## Directions for this task
From the data that follows, set down exactly the lines from the one with "Автомобильный MP3-плеер BT23" through the one with "We are so excited", counting both. Pictures stay out.

## Supplied entries

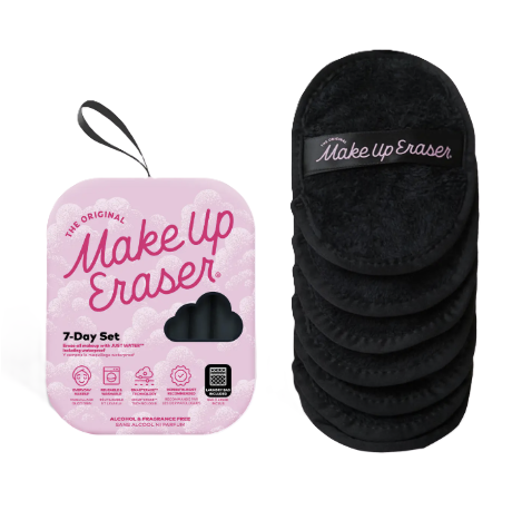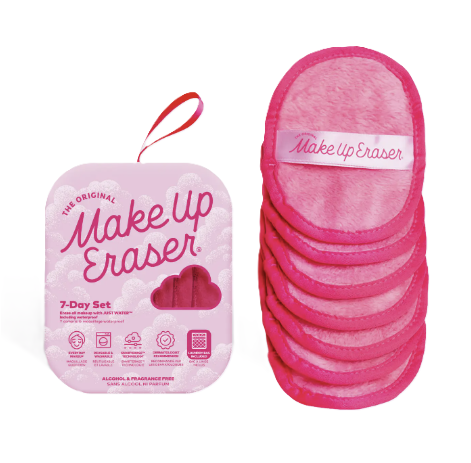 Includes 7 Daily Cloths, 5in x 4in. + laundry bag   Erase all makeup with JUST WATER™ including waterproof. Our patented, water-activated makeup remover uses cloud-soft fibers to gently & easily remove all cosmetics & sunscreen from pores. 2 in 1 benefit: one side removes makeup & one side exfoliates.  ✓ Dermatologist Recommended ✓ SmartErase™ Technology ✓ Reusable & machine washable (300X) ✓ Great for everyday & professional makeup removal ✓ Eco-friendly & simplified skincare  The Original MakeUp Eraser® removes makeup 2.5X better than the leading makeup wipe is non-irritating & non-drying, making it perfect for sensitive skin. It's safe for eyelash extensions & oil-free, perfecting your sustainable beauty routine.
...
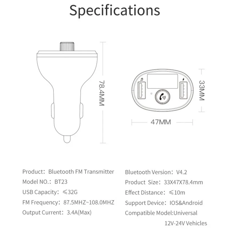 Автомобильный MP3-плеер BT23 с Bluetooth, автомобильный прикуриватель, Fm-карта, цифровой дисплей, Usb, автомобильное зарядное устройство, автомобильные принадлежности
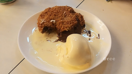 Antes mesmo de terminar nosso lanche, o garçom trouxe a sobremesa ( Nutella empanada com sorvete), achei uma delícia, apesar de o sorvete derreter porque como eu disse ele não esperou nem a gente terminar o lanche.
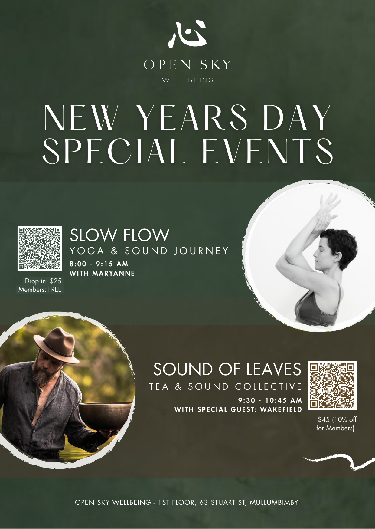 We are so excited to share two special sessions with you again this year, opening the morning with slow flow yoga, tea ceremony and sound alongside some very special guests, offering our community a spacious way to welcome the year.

## Response to the exercise
 Автомобильный MP3-плеер BT23 с Bluetooth, автомобильный прикуриватель, Fm-карта, цифровой дисплей, Usb, автомобильное зарядное устройство, автомобильные принадлежности
 Antes mesmo de terminar nosso lanche, o garçom trouxe a sobremesa ( Nutella empanada com sorvete), achei uma delícia, apesar de o sorvete derreter porque como eu disse ele não esperou nem a gente terminar o lanche.
 We are so excited to share two special sessions with you again this year, opening the morning with slow flow yoga, tea ceremony and sound alongside some very special guests, offering our community a spacious way to welcome the year.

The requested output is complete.